- [PROBLEM]:
Leave the pictures out and quote every line from the start of the listing to the line with "Während Millionen unter", inclusive.

- [SOURCE MATERIAL]:
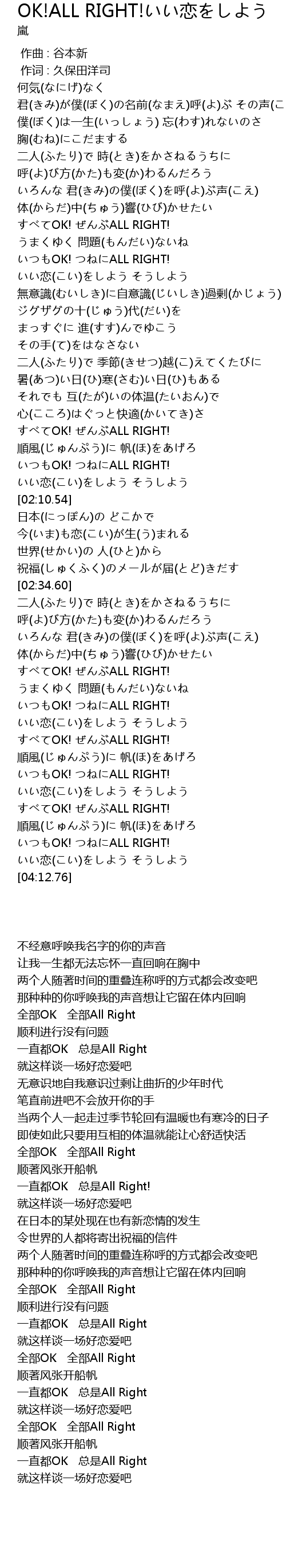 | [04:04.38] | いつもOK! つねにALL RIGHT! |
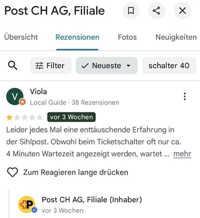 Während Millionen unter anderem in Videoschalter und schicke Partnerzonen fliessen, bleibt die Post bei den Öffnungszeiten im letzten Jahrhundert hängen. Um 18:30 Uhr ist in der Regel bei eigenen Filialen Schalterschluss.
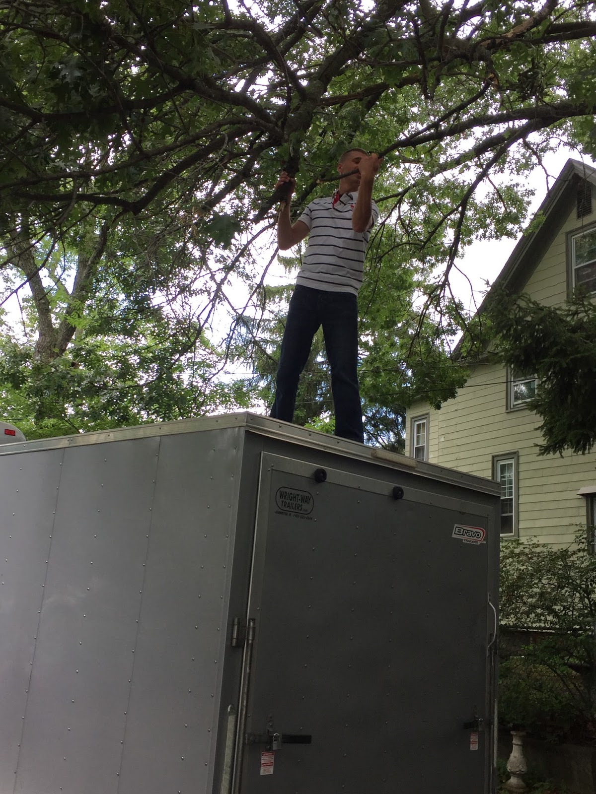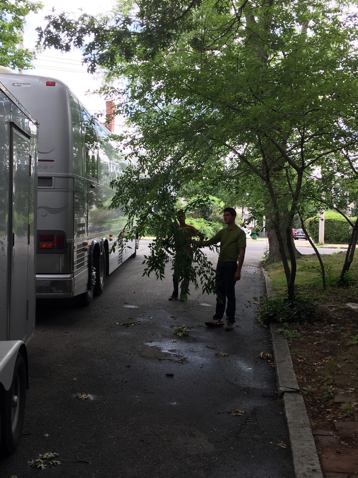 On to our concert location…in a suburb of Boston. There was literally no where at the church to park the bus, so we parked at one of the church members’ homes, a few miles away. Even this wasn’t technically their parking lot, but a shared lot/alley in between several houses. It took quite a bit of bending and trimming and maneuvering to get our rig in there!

- [RESULT BELOW]:
 | [04:04.38] | いつもOK! つねにALL RIGHT! |
 Während Millionen unter anderem in Videoschalter und schicke Partnerzonen fliessen, bleibt die Post bei den Öffnungszeiten im letzten Jahrhundert hängen. Um 18:30 Uhr ist in der Regel bei eigenen Filialen Schalterschluss.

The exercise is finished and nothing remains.